# APT - Alphatise Limited



## System (13 January 2016)

Alphatise operates a marketplace where people around the world connect online to sell and buy goods by smartly connecting buyers and sellers. Sellers pay a fee to Alphatise to make offers to buyers who accept their "push" and make a sale. 

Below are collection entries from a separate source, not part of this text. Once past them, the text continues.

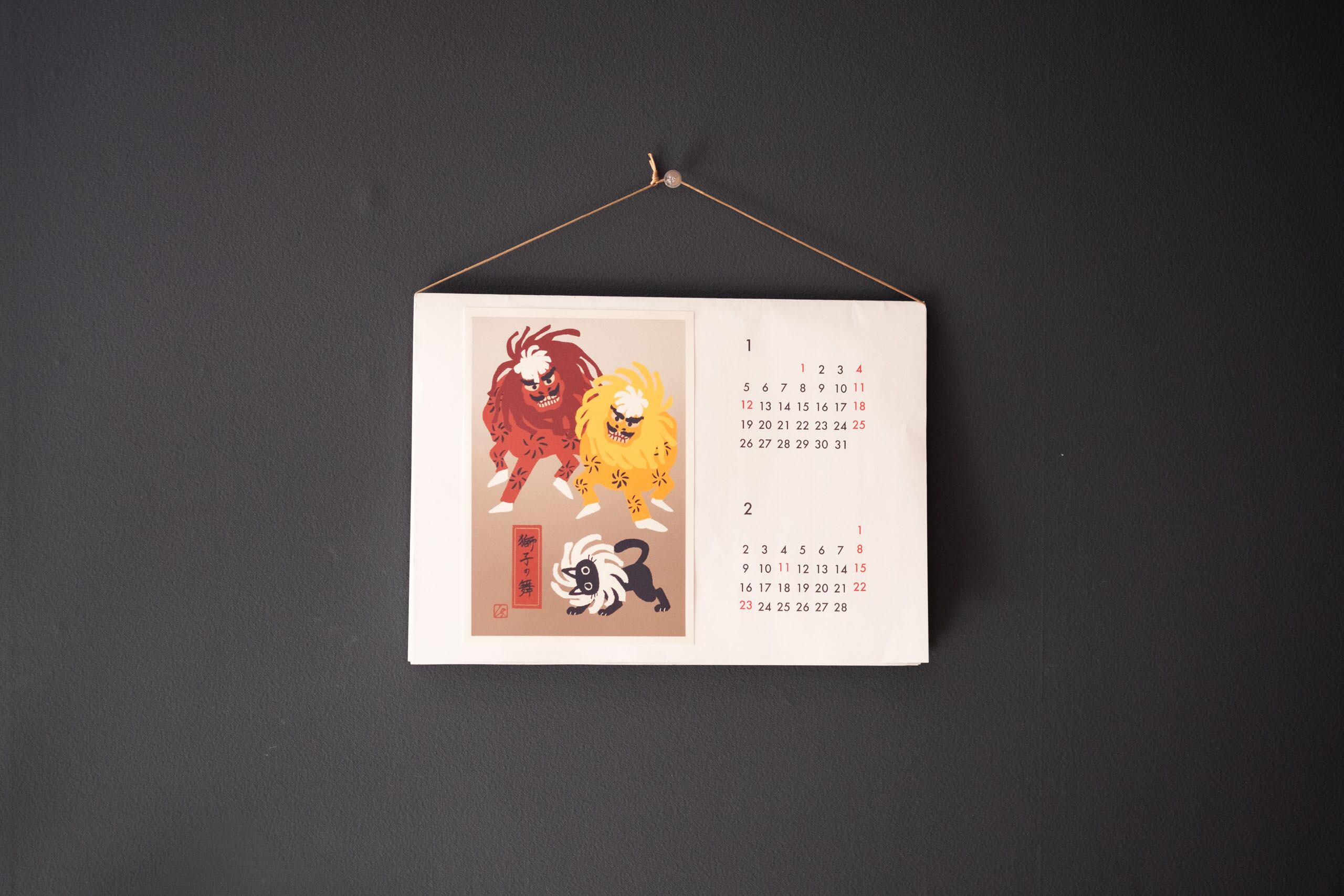 くまもとのお祭りである、例大祭や牛深ハイヤなどをモチーフにお祭りに旅するねこを描いたカレンダーです。全部で計6つのイラストで表現しています。
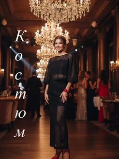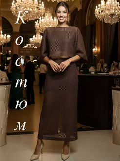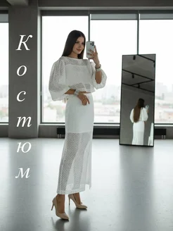 Костюм с юбкой в сетку паутинка осень
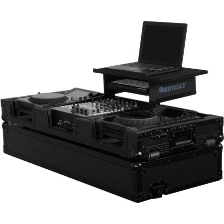 The case contains dual two tier gliding platforms for your laptops while the built-in well is for your 12" mixer. The case is supplied with special ventilation pits for increased air flow and heat dissipation. Heavy-duty ball corners protect the case from contact while on route and the built-in wheels make transport easy.
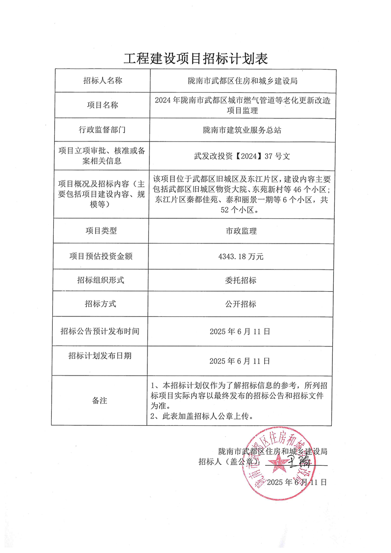 2024年隴南市武都區城市燃氣管道等老化更新改造項目監理
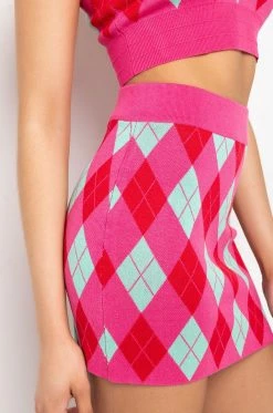 The AKIRA Label Get A Clue Knit Mini Skirt features a stretchy ribbed knit base, mini length, a multicolor allover argyle print, and a wide elastic waistband. Complete this look with the matching AKIRA Label Get A Clue Knit Crop Cardigan for a cozy schoolgirl look.
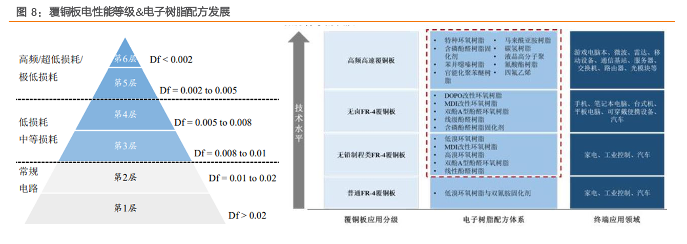 图:覆铜板电子性能等级和不同领域对电子树脂的要求
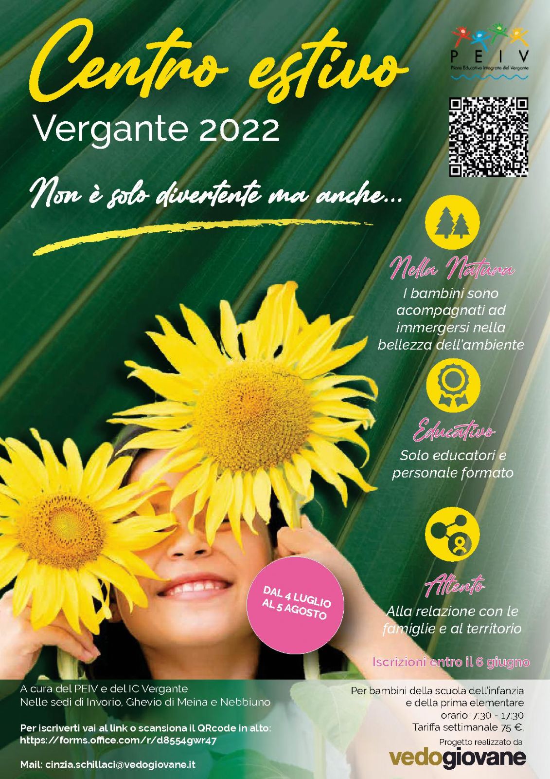Scs Vedogiovane, con il patrocinio del PEIV, organizza un Centro Estivo rivolto ai bambini della scuola dell’infanzia e a coloro che hanno frequentato la 1° elementare (6/7 anni).
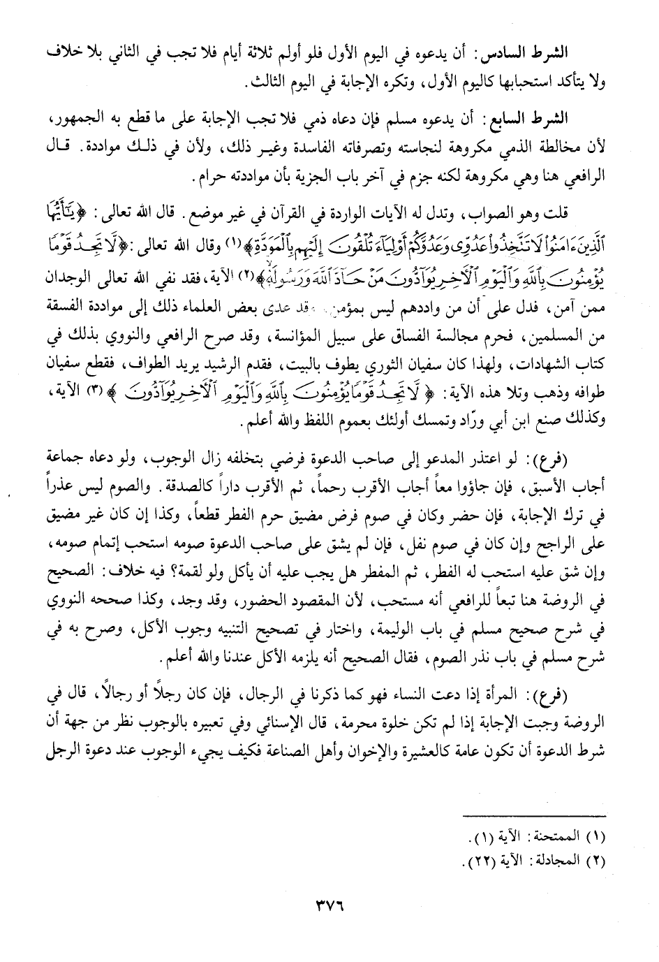 الشَّرْط السَّابِع أَن يَدعُوهُ مُسلم فَإِن دَعَاهُ ذمِّي فَلَا تجب الْإِجَابَة على مَا قطع بِهِ الْجُمْهُور لِأَن مُخَالطَة الذِّمِّيّ مَكْرُوهَة لنجاسته وتصرفاته الْفَاسِدَة وَغير ذَلِك وَلِأَن فِي ذَلِك مواددة قَالَ الرَّافِعِيّ هُنَا وَهِي مَكْرُوهَة لكنه جزم فِي آخر بَاب الْجِزْيَة بِأَن مواددته حرَام
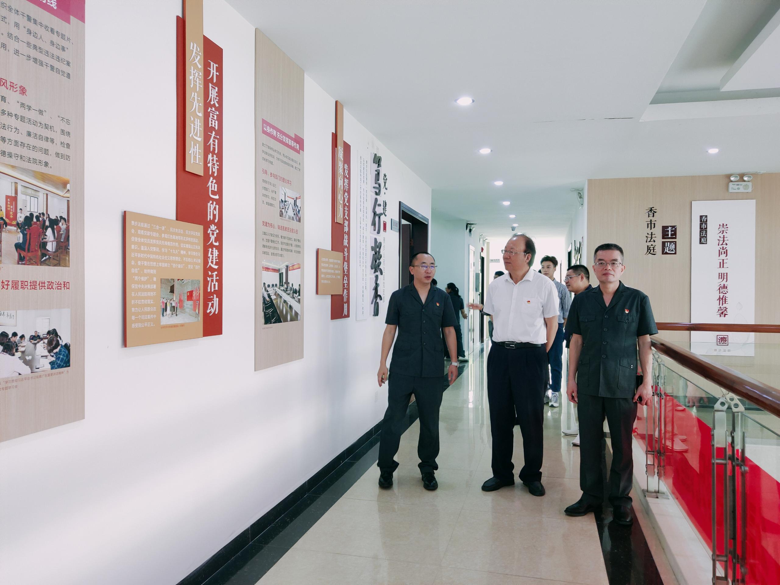 挂牌仪式结束,beat365官网一行还在梁聪副院长、林玉坤庭长的带领下,参观了寮步人民法庭党员活动室、图书室、审判室、调解室,了解到寮步镇人民法庭文化建设、党的建设取得的成果。在参观中,双方还就图书共享和beat365官网模拟法庭建设进行了探讨。
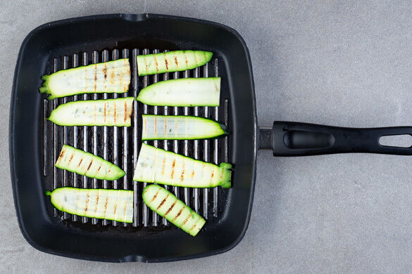 In einem mittelgroßen Topf 600ml leicht gesalzenes Wasser zum Kochen bringen. Die Zucchini quer halbieren und längs in hauchdünne Streifen schneiden. Die Zucchinistreifen mit insgesamt 2EL Olivenöl bestreichen und mit je 1 Prise Salz und Pfeffer würzen. In einer Grillpfanne oder einer normalen Pfanne bei starker Hitze ohne Zugabe von Fett auf jeder Seite 1–2Min. goldbraun anbraten.
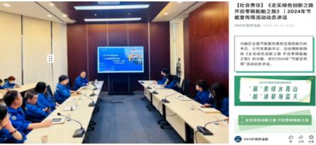 5月13日至19日是第34個(gè)全國節(jié)能宣傳周,中國船舶集團(tuán)結(jié)合實(shí)際,印發(fā)了《中國船舶集團(tuán)有限公司關(guān)于組織開展2024年全國節(jié)能宣傳周和全國低碳日活動(dòng)的通知》,圍繞“走實(shí)綠色創(chuàng)新之路,開啟零碳船舶之旅”和“‘碳’索綠水青山,‘船’遞碧海藍(lán)天”主題,在全集團(tuán)范圍內(nèi)開展了形式多樣的主題活動(dòng)。
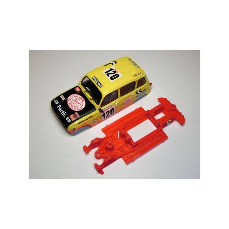 Este chasis esta diseñado para llantas de 15 a 15.5mm y para neumáticos traseros Low Sprint ref. M-N003, marca Mustang Slot, de esta manera conseguiremos que el coche este lo mas bajo posible.
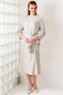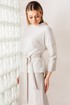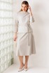 Образ, который стал знаковым - свободный блузон из эластичного полотна в тандеме с юбкой А силуэта из костюмной ткани. Блузон по переду выполнен с нагрудными вытачками выходящими из боковых швов. Спинка со средним швом. Воротник стойка. Юбка на притачном поясе сзади с резинкой. Застежка на тесьму молнию в боковом шве. Комплект дополнен поясом, что позволяет подчеркнуть линию талии. Блузон и юбка на подкладке.
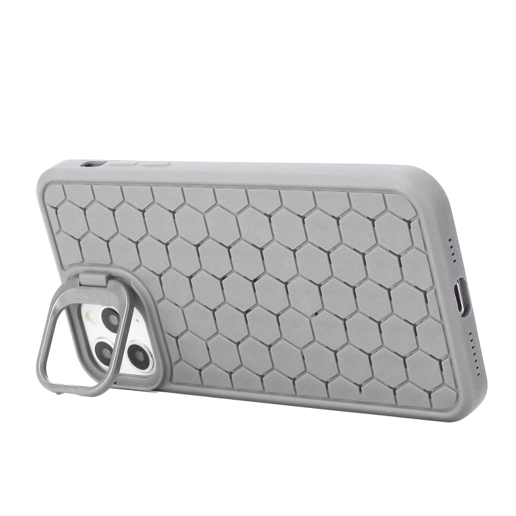 Funda para teléfono iPhone 11 Pro Honeycomb Radiating Holder TPU con cordón (Gris)
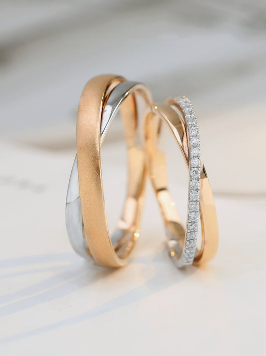 18k Gold Wedding Ring Pair with Diamonds
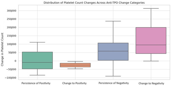 Distribution of platelet-count changes across anti-TPO change categories. The box plots above visualize the distribution of platelet count changes across each anti-TPO change category. The plots include whiskers that extend to 1.5 times the interquartile range, providing a more detailed view of the data distribution.
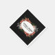 This personalized wedding napkin features a striking, elegant design perfect for adding a touch of romance to your wedding decor. The black background is adorned with a beautiful floral wreath in shades of coral, white, and green, creating a bold and sophisticated look.
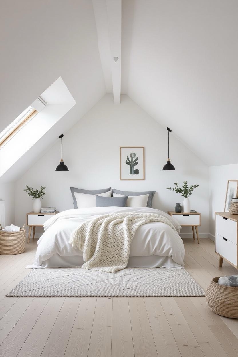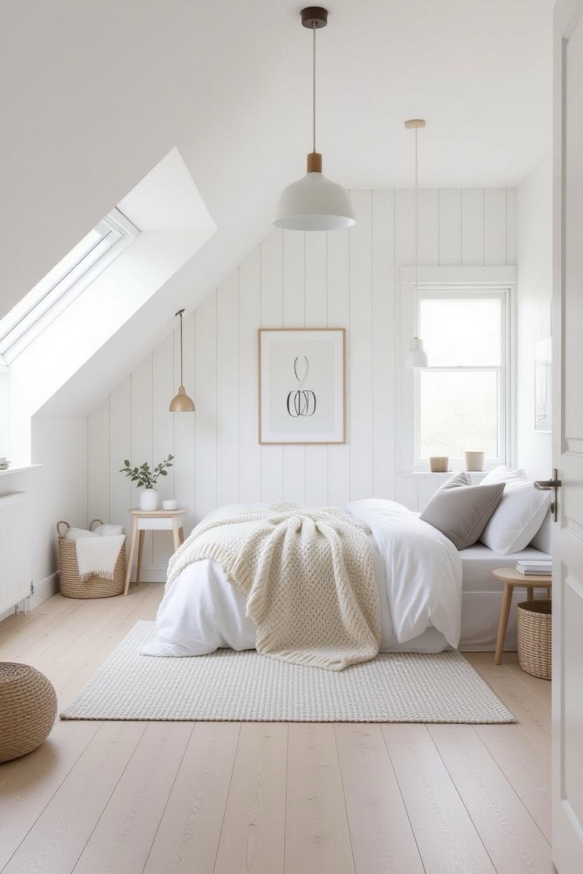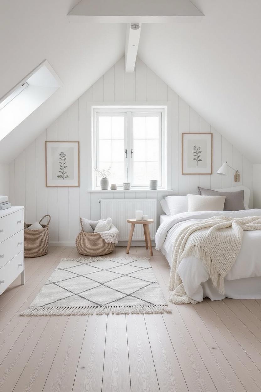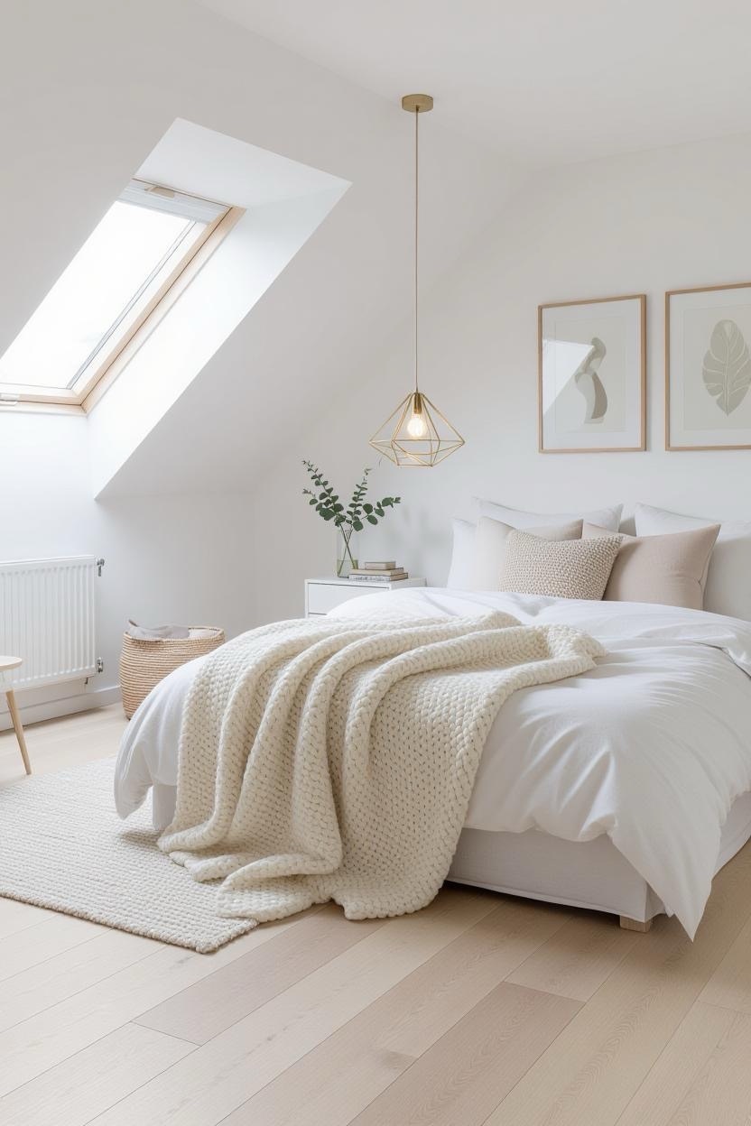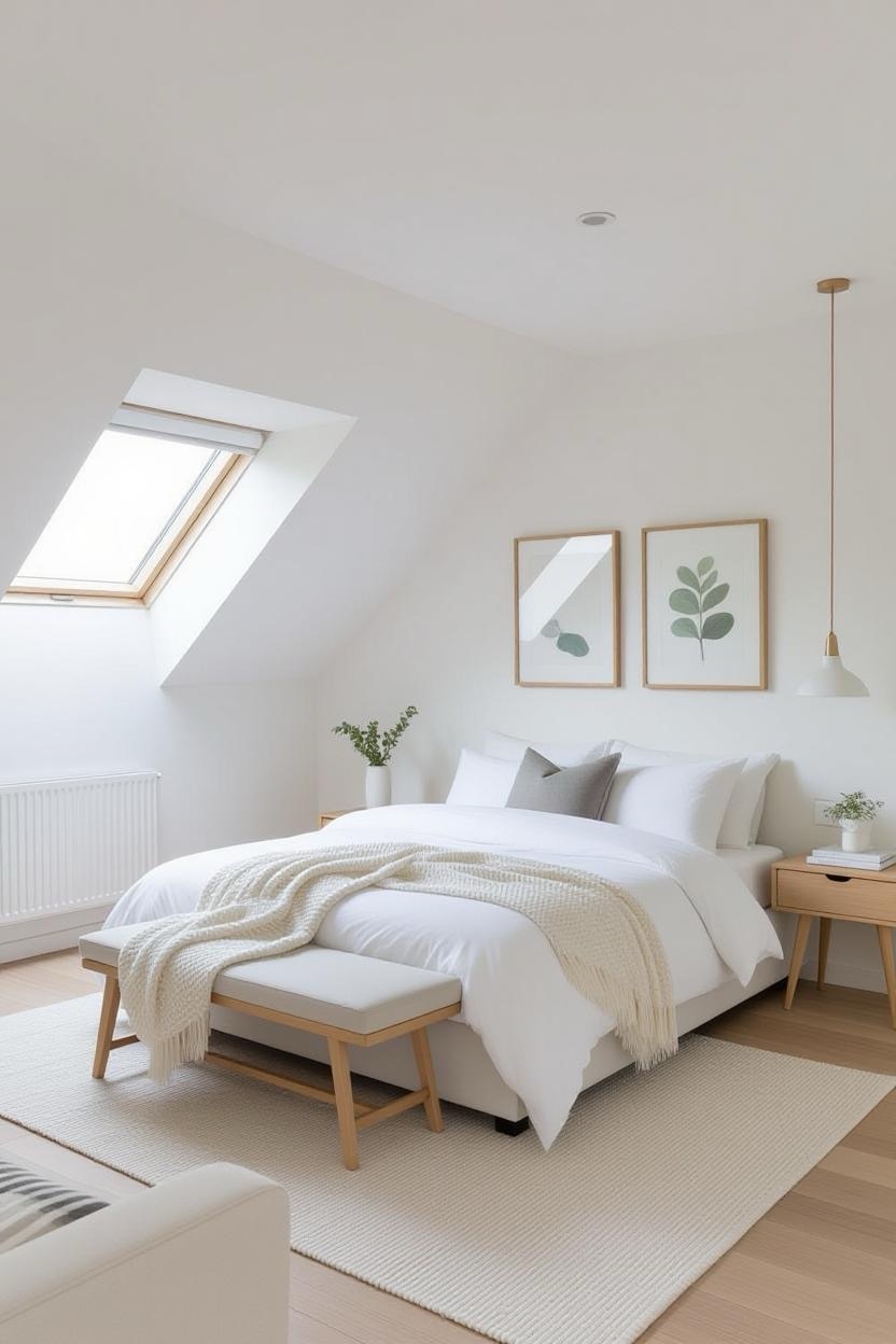 A Scandinavian-inspired attic with light wood flooring, white walls, and simple furnishings is effortlessly stylish. Add cozy throws and a few statement decor pieces to keep the look minimal yet warm.

It is anticipated that APT will list on the ASX during January 2016.

http://www.alphatise.com


----------



## So_Cynical (7 July 2017)

What happened to this stock?

Afterpay Touch Group is now using this ticker code.


----------



## Country Lad (8 July 2017)

So_Cynical said:


> What happened to this stock?




Went broke before it got to the listing stage



> Richard Frey, one of the co-founders and technical lead on the product, had been hearing rumours that investor confidence was crumbling, right when they were in the middle of another fundraising round.
> He describes that board meeting as an “oh-f**k” moment.
> The company was out of money. Days later it was in the hands of administrators.
> “I’m very shattered. It has really been my trial by fire in the business world,” Frey told Business Insider.




Full story  here


----------



## So_Cynical (9 July 2017)

Country Lad said:


> Went broke before it got to the listing stage
> 
> 
> 
> Full story  here




Interesting, thanks for filling me in.

The new APT thread for Afterpay Touch can be found here.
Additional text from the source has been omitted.